ATON = Aides to Navigation.

Fourteen years old me took these two Lime Island pictures in 1955:

LimeIsland0-1.jpg
Approaching the dock.

LimeIsland1-1-1955.jpg
Tying up.

Lime-Island-Ships-Refueling-Dock.jpg

http://www.limeisland.com/timeline.htm

Quote

History of Lime Island - Timeline

Prehistory - 6,000 year-old flint fragments found on the highest point of Lime Island dating human activity.

Native Americans - LI was used for hunting, and burial purposes and a ball playing game similar to Lacrosse was played between LI and Cockburn Island. The Ojibwe called LI Pah-gah-dah-wahmin-is (ball playing island).

1700's - French voyagers and missionaries explored and traded on LI up to the 1880's.

1744 - LI was listed on a French map as the Isle aux Plastre (map was found in Charlevoix's "Journal d'un Voyage duns L'Amernigue Septenionnale." Vol. 5, Paris 1744).

1790 - Sixteen lime kilns were uncovered which dated some kilns from the 1700s to 1870. The oldest kiln found was dated back 200 years (1790-1990's).

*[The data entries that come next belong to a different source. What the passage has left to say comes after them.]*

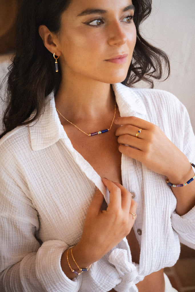 Natural lapis lazuli hangs from a golden hoop, like twilight at the edge of the shore — capturing the flow of light and the stillness of time, where reason and poetry intertwine.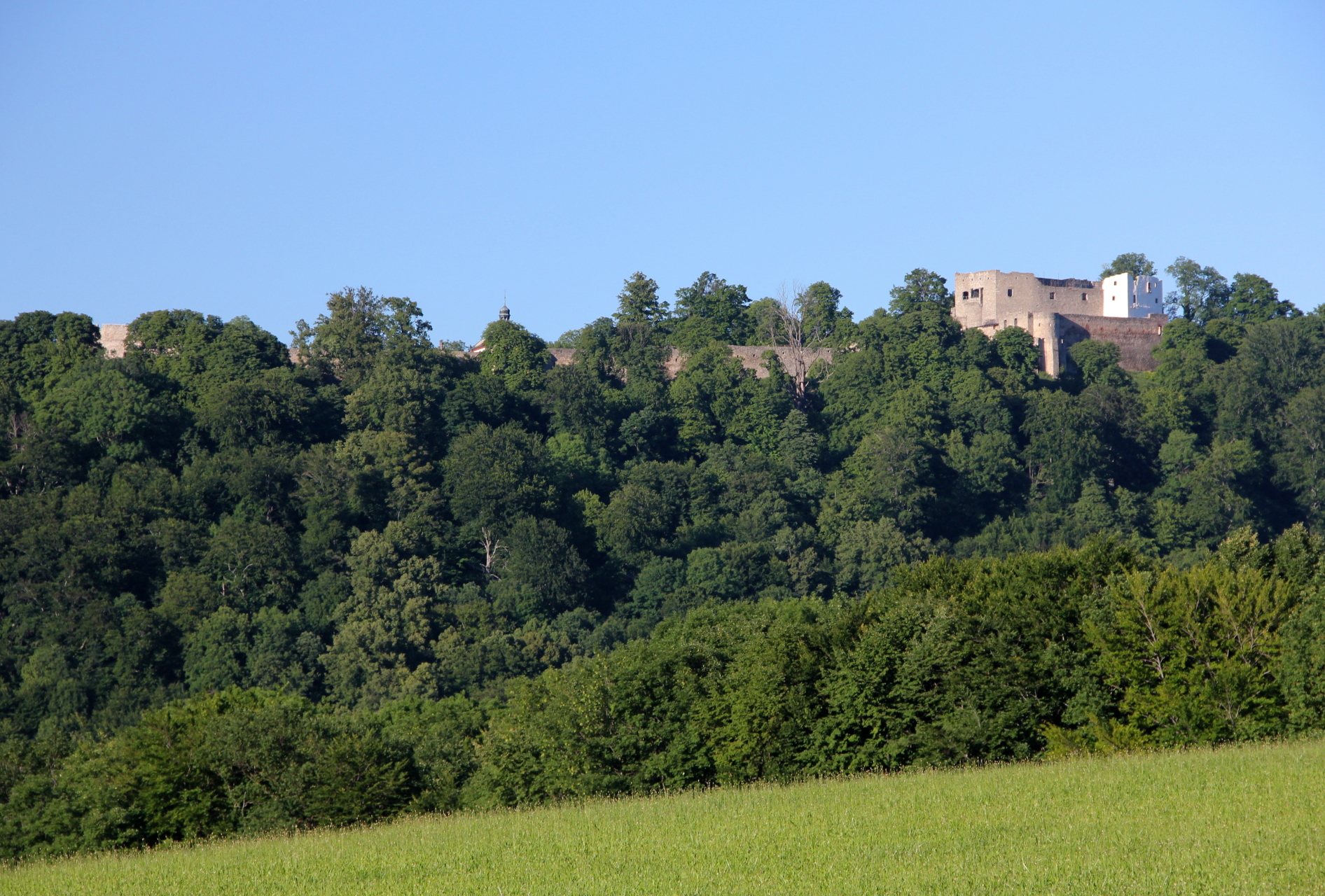Hrad Hukvaldy, v pozadí Kaple sv. Ondřeje
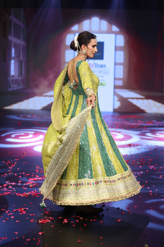 Ghungroo Lime & Green Hand Embroidered Mirror Work Silk Anarkali Set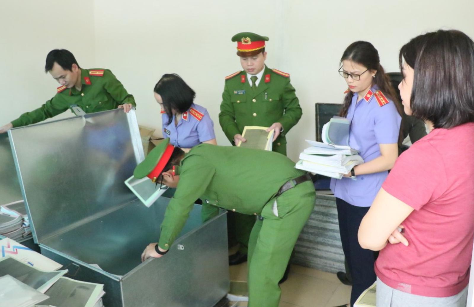 Cơ quan CSĐT, Công an tỉnh Hà Tĩnh khám xét nơi làm việc các bị can trong vụ án vi phạm quy định về đấu thầu, xảy ra tại Công ty CP Công nghệ thông tin Lam Hồng. Ảnh: Công an Hà Tĩnh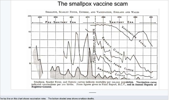 The top line of this chart shows vaccination rates for smallpox back in the 1800s. The bottom area, the bottom shaded area shows smallpox deaths. You will notice that deaths from smallpox declined as vaccination rates declined, so the vaccine could not have been responsible for the reduction in smallpox.

1822 - First official survey was of the boundary between Canada and the US in June 1822 by John J. Bigsby, Secretary to British Boundary Commission .

1836 - In the Treaty of Washington the Indians ceded majority of the Upper Peninsula including Lime Island.

1837 - Michigan was granted statehood.

1842 - Webster-Ashburton Treaty established LI to be officially on the soil of the United States. This treaty also established the boundary between Canada and the United States.

1843 - Chippewa County boundaries established which included Lime Island.

1845 - Lime Island was first surveyed by John Mullet. In his notations, he noted three dwellings on the west shore of Lime Island.

1846 - Joseph Kemp was born at Shelbourne, Massachusetts August 30, 1813. As an adult, he moved to Ohio and lived with his sister and her husband. He became interested in the farming industry. J. Kemp and his family came to Sault St. Marie, MI on the brig the Ramsey Crook, which was operated by a leading fur company. Here he became active in the fishing and fur trade. He became interested in property on the eastern side of the Upper Peninsula which included Lime and Drummand Islands.

1846 - President Fillmore signed the deed to Lime Island under the Homestead Act over to Joseph Kemp who was the first recorded "owner-settler" of Lime Island. He and his family owned the island for 37 years.

While on the Island, Mr. Kemp pursued reclamation and development of LI. He grew hay, wheat and potatoes. He made friends with the Indians and traded with them.

1853 - The Kemp family returned to Sault Ste. Marie, MI. He was employed to locate land granted by the State of Michigan to the company that was to construct the original shipping canal at this point. From 1862 until 1865 he was employed as a keeper of the lighthouse at Whitefish Point and thereafter he was deputy customs inspector at Pigeon River and the Sault utilities.

Mr. and Mrs. Kemp and their children moved back to Lime Island. His wife was Harriet Bell (daughter of Capt. Elias Bell). Harriet and Joseph were married June 10, 1840. They had five children: Christine, Lewis, Johanna, Joseph B. and George. Their son George was born in Sault Ste. Marie, MI August 21, 1847. The Kemp Marina located in Sault Ste. Marie was named after George Kemp, Joseph and Harriet's youngest child.

Joseph Kemp was the son of Captain Lawrence Kemp. He served in the Revolutionary War and was also one of the Minute Men in the Battle of Lexington. His wife was Mahitable Ellis. They had eight children, all presumed to be born in Massachusetts.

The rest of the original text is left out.